I’ve always explained some sort of a pain that gets unhealed correctly, when we have a deep pain that needs stitches but we decide to treat it with bandage until it makes a scar but what we always gets afraid off, if we got hit by accident from anything it will open immediatly and the pain will be doubled...but sometimes this is the only way.... We lost our Hanuma our baby girl the joy of our house my maltese little girl I lost her infront of our eyes car accident in Dahab... I still dont know why and cant get over this scene and my mind keeps rewinding it... I always accept and will always do accept God's decisions but why now and why in Dahab and why this timing and am going through a hard time already !!!

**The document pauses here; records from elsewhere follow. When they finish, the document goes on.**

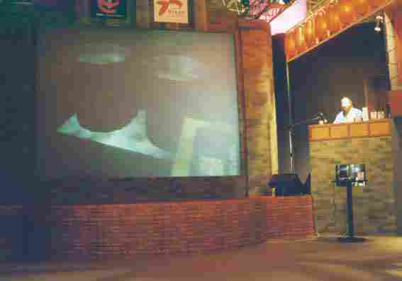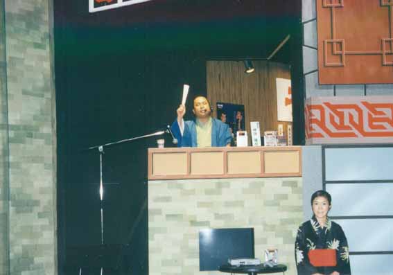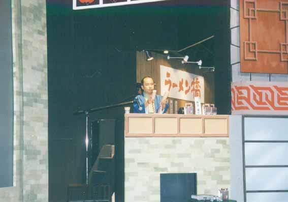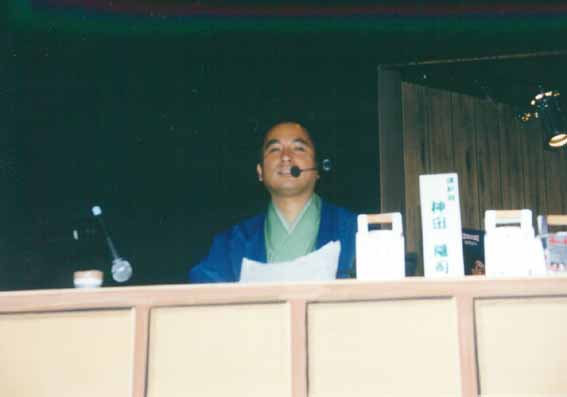 ←これは、ブースのアップ。あのマイクは とても良かったです。 原稿を持ったままとい うのがイマイチですが、前日に曲が変更になったため、口上も書きなおしたのでそのままになってしまいました。 |
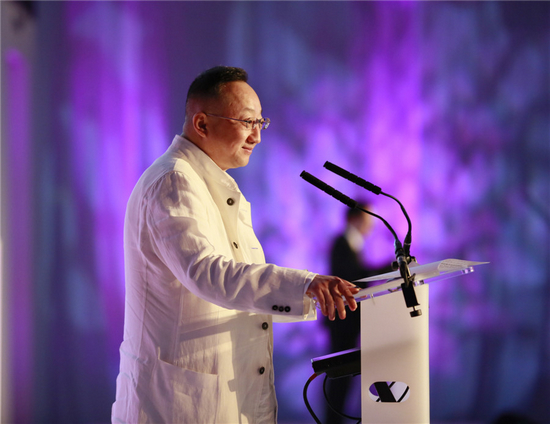 4月23日,英国伦敦,三胞集团董事长袁亚非在HOF供应商大会上发表演讲。
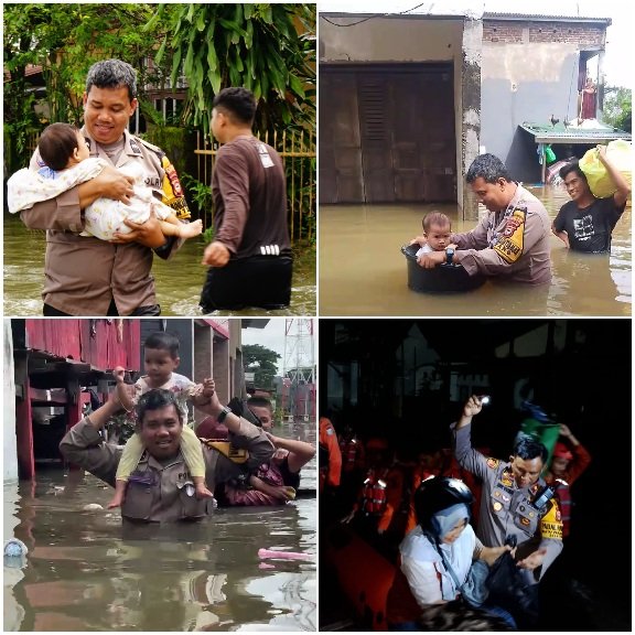 Polri bergerak cepat melakukan evakuasi korban banjir di Kota Makassar, Sulawesi Selatan. Curah hujan yang tinggi mengakibatkan empat kelurahan di Kecamatan Manggala terendam air setinggi dada orang dewasa. Pada Rabu (12/2/2025).
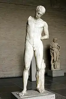 The athlete is represented pouring oil from a flask held high in his (missing) right hand into the (missing) palm of his left. The theme is represented on Attic vase-painting[6] and in freely reinterpreted cast terracotta miniatures.[7]
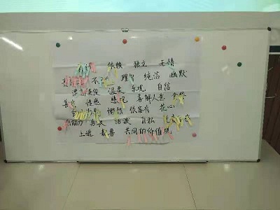 主持人通过“进入大学你最想完成的一件事是什么”引出活动主题,把几组描述人的特点的词汇,例如责任感、幽默、粗鲁……等等展示在PPT上, 让大家选出他们认为最看重的五个和最不能忍受的一个特点,从而看各自心目中未来伴侣的标准,分别在各自小组分享自己的选择结果并阐述理由,推选一名同学代表小组发言。随后,主持人让同学们连续两次分别去掉两个最看重的词并阐述理由,最后剩下一个最看重的词,各自解释为何留下这一个?在此过程中主持人不断邀请同学们在大家面前分享自己的选择和理由,随后每个人将自己的选择用彩色贴纸贴在写有所有特性的大白纸的对应位置上。整个活动过程同学们各抒己见,现场气氛非常活跃,通过同龄人各自价值观的讨论碰撞,大家共同认可的未来伴侣最重要的特性依然是责任心和共同的价值观。
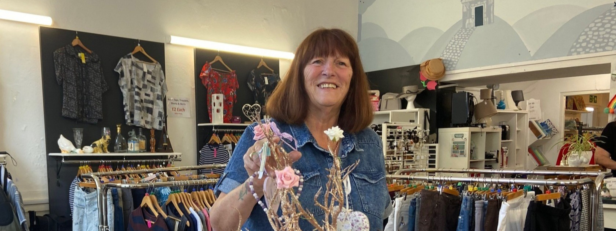 Sue volunteers in our Newton Abbot shop where her daughter Kathy is the manager. Sue started volunteering seven years ago and works there one day a week. She is one of many volunteers helping with a variety of tasks in the shop throughout the week. Her main responsibilities are working the till, sorting through donations, checking for Gift Aid, steaming clothes, sorting through storage boxes and putting items out on display, cleaning and pricing. There are also several students and young people who do placements in the shop and she has supported them over the years.
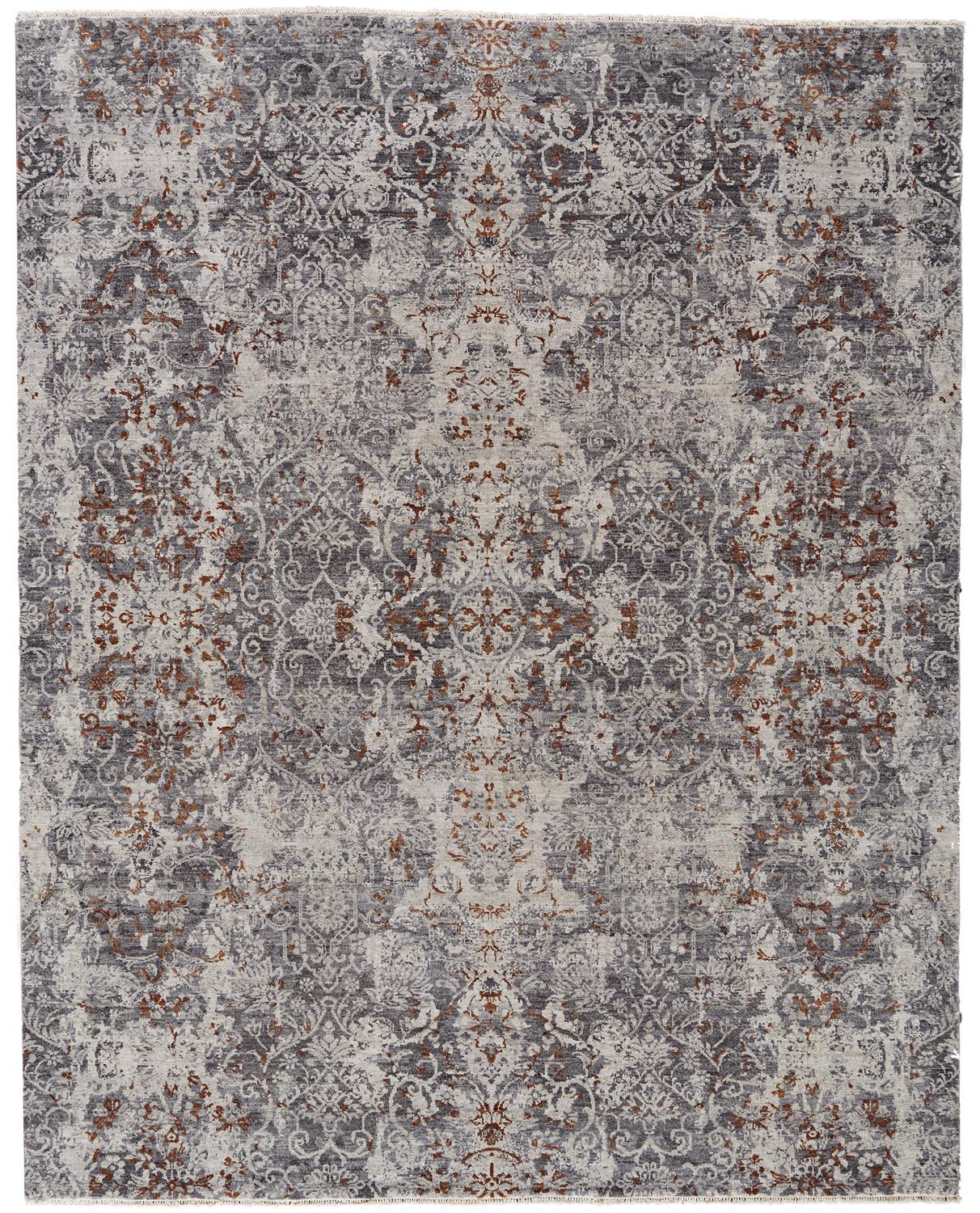 Monochromatic tones of gray accented by subtle pops of blue lend the Dalia Collection a timeless elegance. Hand-knotted in India with hand carded hand spun wool these designs feature intricate all-over patterns with weathered effects to lend a new spin to traditional motifs. These one-of-a-kind pieces will create settings of sophistication in any room.
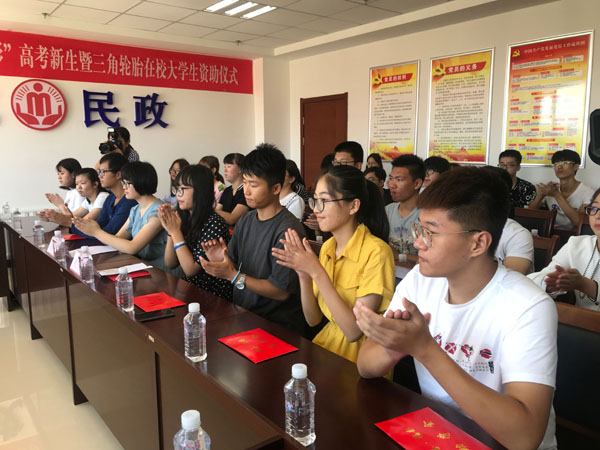 林小彬在讲话中表示,教育事业是希望工程,是全社会的共同责任。三角轮胎在推动企业发展进步的同时积极为遇困大学生的成长尽力,希望大家不忘初心,不负年华,作一名自强不息的奋斗者;三角也将与市慈善总会一起,持续关注同学们的学习、生活和成长,提供力所能及的帮助,如在实践、实习、就业等方面为大家提供机会和条件等。
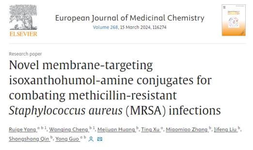 题为“Novel membrane-targeting isoxanthohumol-amine conjugates for combating methicillin-resistantStaphylococcus aureus(MRSA) infections”的研究论文。在该研究中,杨瑞阁和郭勇教授课题组通过模拟抗菌肽(AMPs)的结构和膜靶向特性,成功制备了一系列异黄腐醇-胺共轭物作为抗菌剂。经过生物活性评估,得到了化合物E2,该化合物对金黄色葡萄球菌和临床MICs = 0.25-1μg/mL),优于万古霉素,而且具有低溶血和良好的膜选择性。此外,E2还具有快速杀灭细菌、不易产生耐药性、相对较低的细胞毒性和良好的膜选择性等特点。细胞毒性低,血浆稳定性好。机理研究表明,E2能通过与磷酸酶的特异性结合来破坏细菌膜。通过与细菌膜上的磷脂酰甘油特异性结合来破坏细菌膜,从而导致细胞内ROS升高和渗漏。细胞内ROS升高,DNA和蛋白质泄漏,最终杀死细菌。值得注意的是,E2与相同剂量的万古霉素相比,E2具有良好的体内安全性和更好的体内疗效,因此有可能成为是一种潜在的抗菌剂,可用于治疗MRSA感染。这些发现将为进一步开发利用天然异黄腐醇对抗耐药细菌提供重要启示。
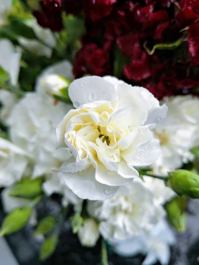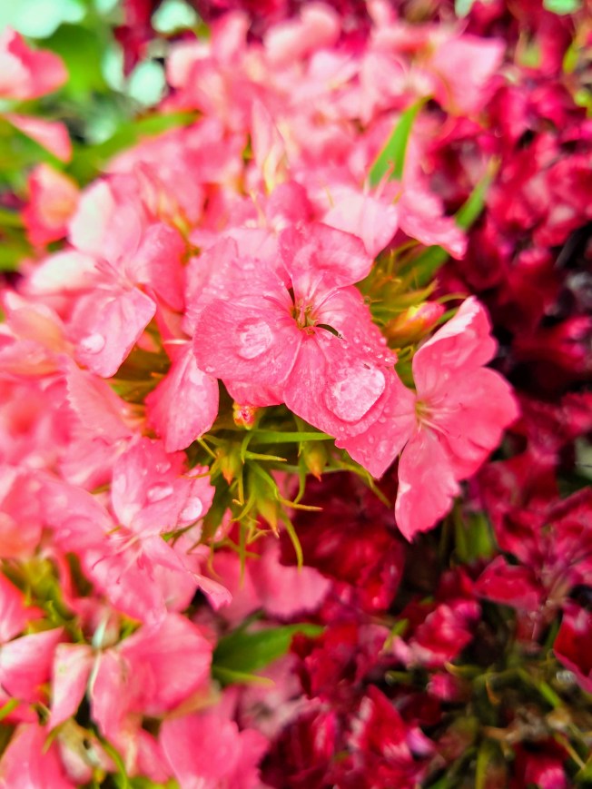 Hanging baskets along the Wharf
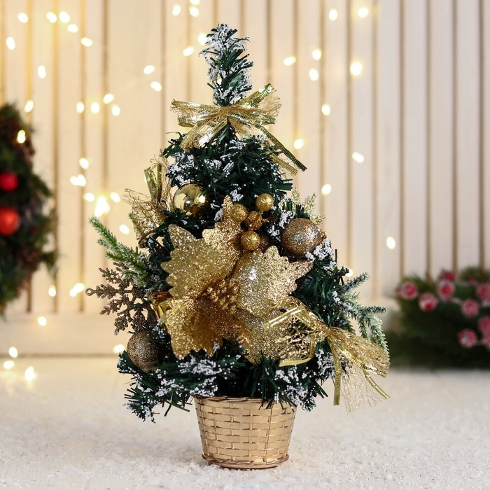 Ёлка декор "Праздничная" цветок шары, 15х29 см, золото

I took a decision with my husband to adopt Hanuma's sister a 50 days old little puppy, some might say this is not fair but it is for us we cant live without Hanuma and we didnt look for a replacement but we need her soul and body to be around us...she is exactly like Hanuma same everything and this makes me question what is the lesson or why we lost our Hanuma this was in the first place I know لوعلمنا الغيب لتمنينا الواقع
But I hope this wont be a scare healed unproperly, I hope this is the plan got had for us for a specific reason, I hope I can be able to go to back to Dahab with no pain...Getting hurt in the and from the place that you tried as much as I can for years to make it safe place with no pain, there must be a reason and a deep one GOD knows it better than us..
You’ll always be in my heart my little gir,ill never forget you and I know you’re always around.